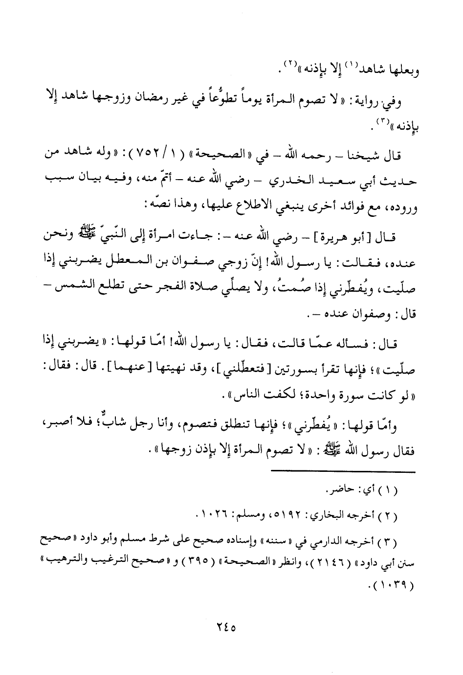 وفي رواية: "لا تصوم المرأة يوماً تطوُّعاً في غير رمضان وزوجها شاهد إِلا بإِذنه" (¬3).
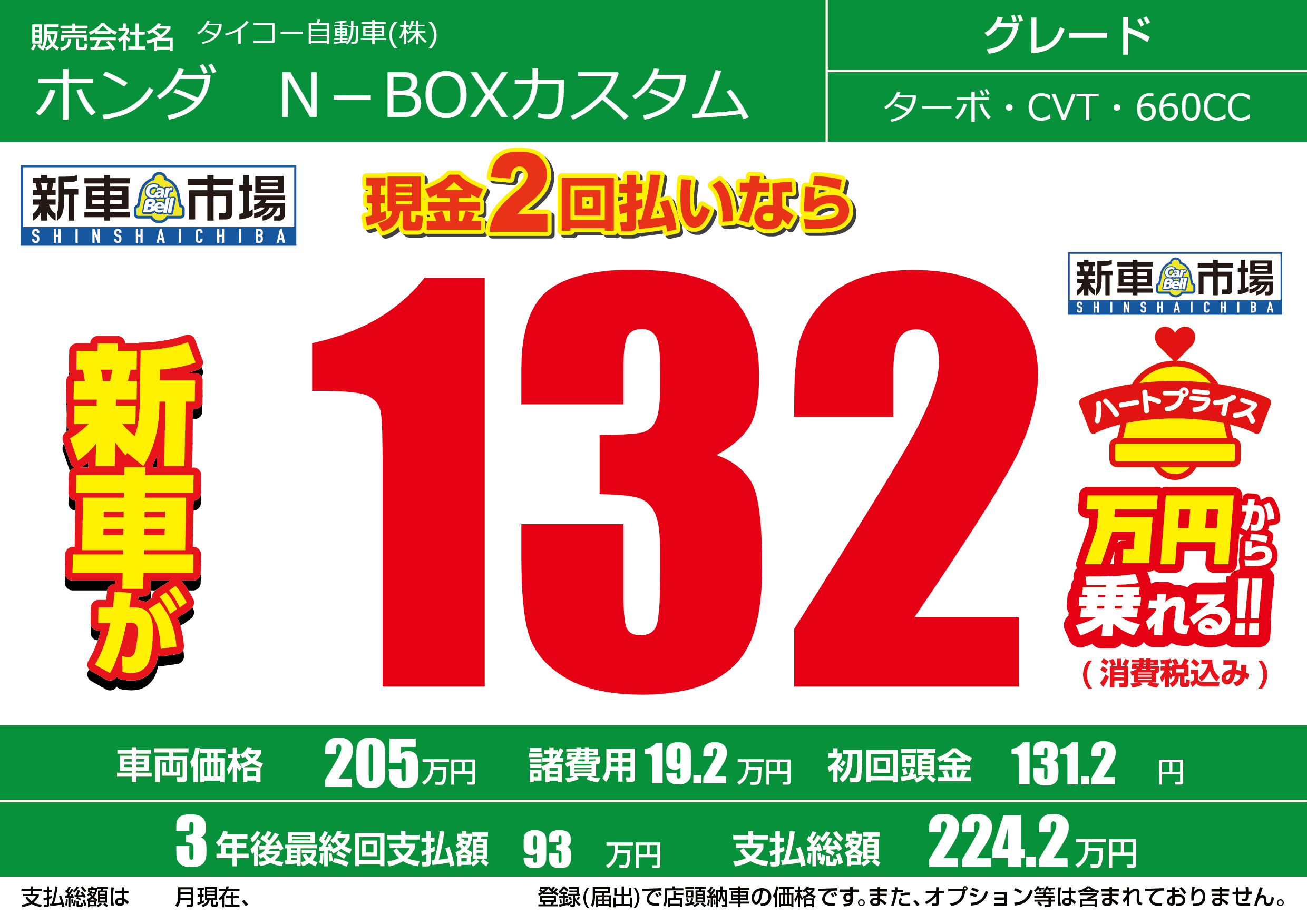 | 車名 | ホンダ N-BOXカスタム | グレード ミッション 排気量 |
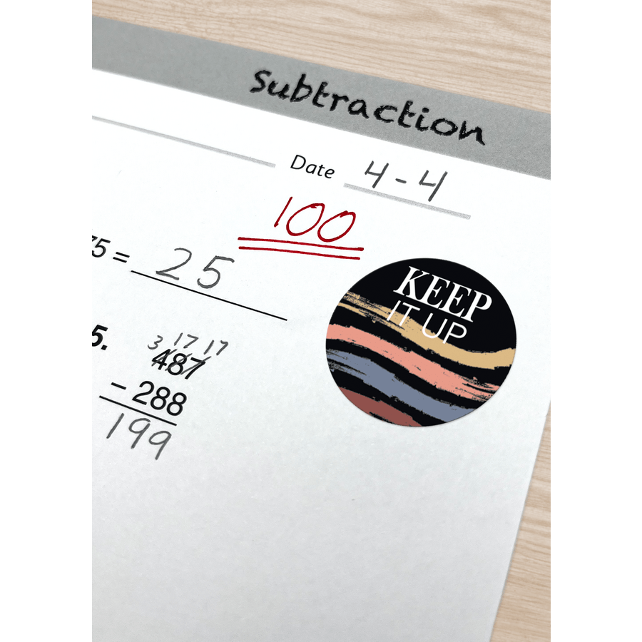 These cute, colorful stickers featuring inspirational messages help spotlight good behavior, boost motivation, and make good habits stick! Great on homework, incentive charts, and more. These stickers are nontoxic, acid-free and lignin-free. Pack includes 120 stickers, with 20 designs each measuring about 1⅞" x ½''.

—————

__ASSIGNMENT__.
What you return should be the full listing, unchanged, minus the pictures.

__EXERCISE RESPONSE__.
 وفي رواية: "لا تصوم المرأة يوماً تطوُّعاً في غير رمضان وزوجها شاهد إِلا بإِذنه" (¬3).
 | 車名 | ホンダ N-BOXカスタム | グレード ミッション 排気量 |
 These cute, colorful stickers featuring inspirational messages help spotlight good behavior, boost motivation, and make good habits stick! Great on homework, incentive charts, and more. These stickers are nontoxic, acid-free and lignin-free. Pack includes 120 stickers, with 20 designs each measuring about 1⅞" x ½''.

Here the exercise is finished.